What do the best users of Charlie do differently that other teams can take advantage of?
The best customers move fast in how they learn to delegate: they give Charlie real tasks (not toy tasks), they iterate quickly on how they scope/phrase work, and they treat early usage as an experimentation loop until the collaboration style clicks.
They also invest in durable alignment: good instructions/playbooks and clear repo conventions, so Charlie can behave consistently without being micromanaged. That includes making sure the agent can actually run the checks that define “correct” in that codebase.
More broadly, the teams that win are the ones that treat “agentic dev” as a workflow: small reviewable chunks, strong verification, and tight iteration—rather than expecting magic from a single prompt.
What percentage of code at the company is written by Charlie?
We don’t think “% of lines of code” is a great metric here; it’s too easy to game and too easy to misinterpret.
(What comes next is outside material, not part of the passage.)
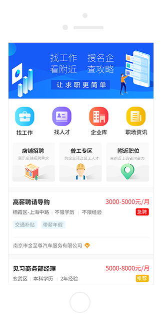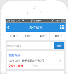隨時隨地搜索工作,輕輕松松應聘職位,工作前途一手掌握。

The most honest proxy is PR-based (what fraction of shipped changes are authored via the agent), because it tracks outcomes rather than activity.
We have publicly described our own internal adoption as very high (e.g., “Charlie built all of Charlie (~90% of PRs)”), which captures the directionally true story without pretending there’s a single perfect “% of code” number.
What changes have you seen in customer teams as a result from using Charlie and how might that evolve this coming year?
Teams shift time away from typing and toward higher-leverage work: scoping, reviewing, and clarifying intent. When the agent is productive, the bottleneck becomes decision-making and verification, not implementation.
We also see acceleration in the “bug report → fix PR” loop, because it becomes cheaper to try a fix, validate it, and iterate. And we see process upgrades: teams write clearer issues and plans (often with the agent’s help) because ambiguity becomes an obvious tax when you’re delegating more work.
If agents keep improving, these shifts intensify: teams will likely formalize lightweight “agent ops” norms to manage parallel work safely and keep review high-signal.
What are some truly hard challenges in agentic development that you think we still won’t be able to solve in 2026?
High-level decisions will remain hard: prioritization, taste, product judgment, and strategy all require deep context plus human intent that isn’t fully written down. Even if agents get better at implementation, that layer won’t disappear.
Verification is the other hard wall. As agents produce more code, review becomes the bottleneck, and “it compiles and tests pass” often isn’t enough evidence. We can get better—moving from easy signals (types/tests) toward stronger evidence over time—but reliable “proof that this change does the right thing” is still an unsolved problem for most real software.
In other words: we can keep raising the floor on correctness, but the hardest problems will remain the ones where the spec is fuzzy and the ground truth is expensive.
If Charlie could get a holiday gift, what do you think he’d want?
Interruptibility: the ability to receive and incorporate follow-up messages after a run starts, so humans can steer without waiting for a full stop/start cycle.
And clearer intent: humans being explicit and precise about what they want, what constraints matter, and what “done” means—because that’s the difference between autonomous progress and fast-but-wrong work.

We can’t wait to show you what else is in store for Charlie in 2026. Onward!